[DESCRIPTION OF THE TASK] In the lines below, find the one that contains "モンステラ ボルシギアナ 現在10株近く増殖中だけど親株がハーフムーンだと真っ白や真緑が出やすい。" and write it out exactly, along with every line that follows it.

(Stored records)
====

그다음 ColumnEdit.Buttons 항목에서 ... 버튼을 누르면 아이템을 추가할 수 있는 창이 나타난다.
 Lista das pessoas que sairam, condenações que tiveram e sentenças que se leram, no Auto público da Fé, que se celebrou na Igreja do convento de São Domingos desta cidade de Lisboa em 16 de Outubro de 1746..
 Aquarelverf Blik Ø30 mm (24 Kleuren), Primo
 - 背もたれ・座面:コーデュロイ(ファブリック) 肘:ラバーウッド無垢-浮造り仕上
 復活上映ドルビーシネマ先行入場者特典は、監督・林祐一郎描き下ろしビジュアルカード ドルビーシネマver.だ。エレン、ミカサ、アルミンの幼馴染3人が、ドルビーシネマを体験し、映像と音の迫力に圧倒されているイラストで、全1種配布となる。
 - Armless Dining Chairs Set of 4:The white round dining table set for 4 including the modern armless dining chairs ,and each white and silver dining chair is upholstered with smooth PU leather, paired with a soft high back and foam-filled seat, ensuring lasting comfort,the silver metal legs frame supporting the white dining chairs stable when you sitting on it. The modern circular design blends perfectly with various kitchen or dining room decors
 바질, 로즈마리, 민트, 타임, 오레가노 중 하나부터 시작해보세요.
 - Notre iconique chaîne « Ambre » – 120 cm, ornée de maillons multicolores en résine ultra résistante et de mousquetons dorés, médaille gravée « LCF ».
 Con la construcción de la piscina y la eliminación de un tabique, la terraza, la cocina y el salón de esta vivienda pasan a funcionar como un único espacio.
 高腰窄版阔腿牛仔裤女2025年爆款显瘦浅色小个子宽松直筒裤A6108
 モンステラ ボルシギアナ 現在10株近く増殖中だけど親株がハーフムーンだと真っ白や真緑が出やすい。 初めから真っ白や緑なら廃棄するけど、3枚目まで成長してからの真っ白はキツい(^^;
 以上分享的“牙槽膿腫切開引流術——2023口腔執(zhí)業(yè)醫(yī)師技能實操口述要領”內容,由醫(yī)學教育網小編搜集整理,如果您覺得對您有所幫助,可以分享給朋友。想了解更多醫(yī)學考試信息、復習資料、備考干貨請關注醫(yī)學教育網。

====

[ANSWER TO THIS TASK]
 モンステラ ボルシギアナ 現在10株近く増殖中だけど親株がハーフムーンだと真っ白や真緑が出やすい。 初めから真っ白や緑なら廃棄するけど、3枚目まで成長してからの真っ白はキツい(^^;
 以上分享的“牙槽膿腫切開引流術——2023口腔執(zhí)業(yè)醫(yī)師技能實操口述要領”內容,由醫(yī)學教育網小編搜集整理,如果您覺得對您有所幫助,可以分享給朋友。想了解更多醫(yī)學考試信息、復習資料、備考干貨請關注醫(yī)學教育網。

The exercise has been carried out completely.